Start of Records for this task

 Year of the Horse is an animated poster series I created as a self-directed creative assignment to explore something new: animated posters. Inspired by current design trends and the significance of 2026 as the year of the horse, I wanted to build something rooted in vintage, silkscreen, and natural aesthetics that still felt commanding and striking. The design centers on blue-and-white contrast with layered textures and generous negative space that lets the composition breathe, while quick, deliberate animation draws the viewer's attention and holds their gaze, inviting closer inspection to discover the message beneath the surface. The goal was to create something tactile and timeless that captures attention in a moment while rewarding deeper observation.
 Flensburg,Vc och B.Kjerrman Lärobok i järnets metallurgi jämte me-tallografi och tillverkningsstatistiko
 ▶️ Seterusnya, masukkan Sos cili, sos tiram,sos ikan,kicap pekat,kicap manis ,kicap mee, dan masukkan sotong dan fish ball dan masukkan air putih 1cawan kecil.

End of Records for this task
Start of Records for this task

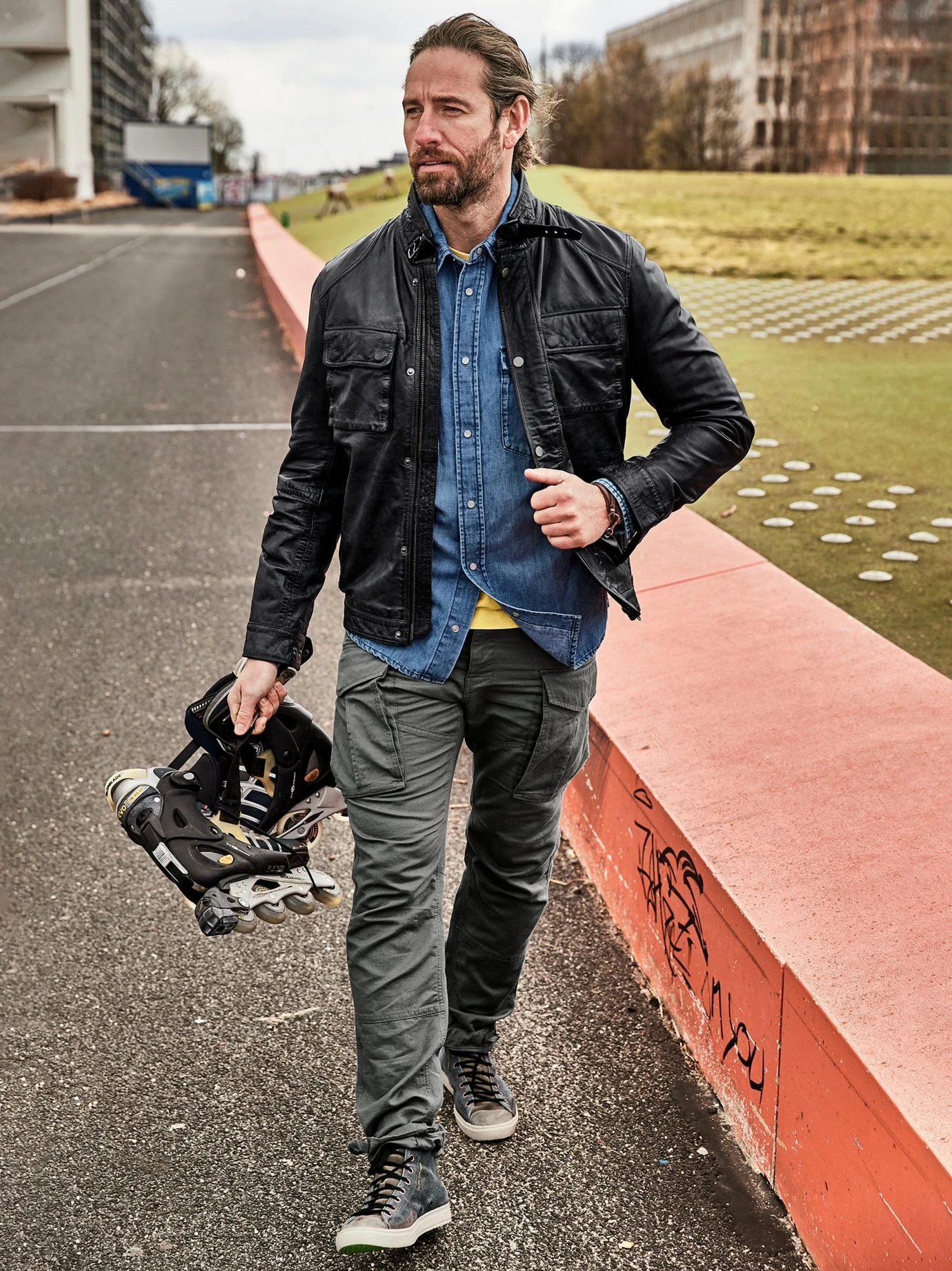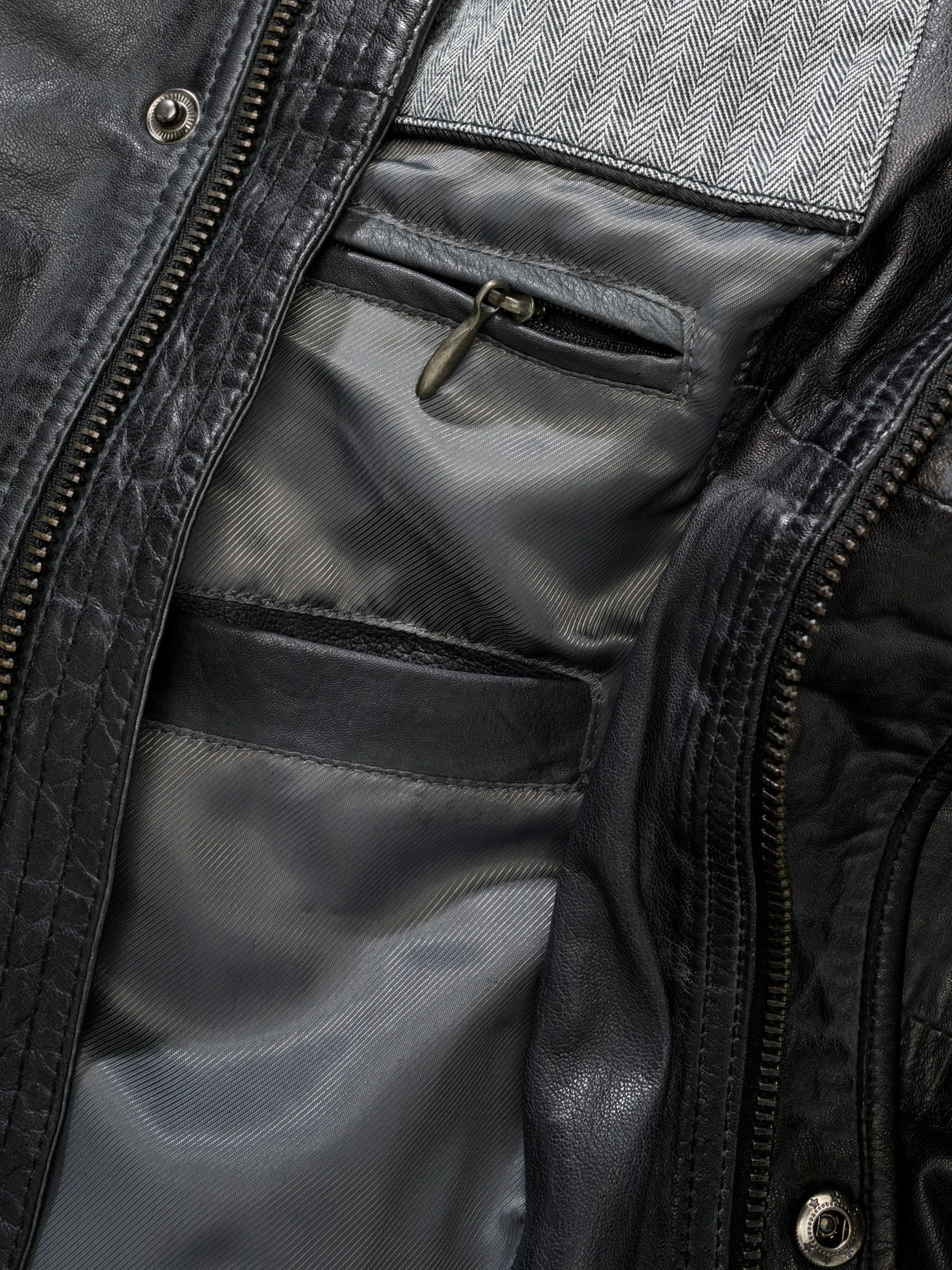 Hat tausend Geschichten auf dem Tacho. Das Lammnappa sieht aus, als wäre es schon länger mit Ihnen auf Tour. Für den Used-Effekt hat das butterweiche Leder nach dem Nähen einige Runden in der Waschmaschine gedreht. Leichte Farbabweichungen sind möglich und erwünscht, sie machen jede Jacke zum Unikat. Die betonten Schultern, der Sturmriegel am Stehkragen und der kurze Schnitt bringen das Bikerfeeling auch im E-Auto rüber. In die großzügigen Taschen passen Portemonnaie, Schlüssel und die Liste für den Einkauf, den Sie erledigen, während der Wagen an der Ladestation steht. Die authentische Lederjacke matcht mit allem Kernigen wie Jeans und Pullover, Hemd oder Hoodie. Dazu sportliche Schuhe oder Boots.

End of Records for this task
Start of Records for this task

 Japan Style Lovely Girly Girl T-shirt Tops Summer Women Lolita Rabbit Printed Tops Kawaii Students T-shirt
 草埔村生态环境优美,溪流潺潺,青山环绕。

End of Records for this task

→ Task directions:
When the line with "Flensburg,Vc och B.Kjerrman" is reached in the data above, begin copying, and stop after the line with "putih 1cawan kecil."; copy each line exactly, both ends included.

→ Response for this exercise:
 Flensburg,Vc och B.Kjerrman Lärobok i järnets metallurgi jämte me-tallografi och tillverkningsstatistiko
 ▶️ Seterusnya, masukkan Sos cili, sos tiram,sos ikan,kicap pekat,kicap manis ,kicap mee, dan masukkan sotong dan fish ball dan masukkan air putih 1cawan kecil.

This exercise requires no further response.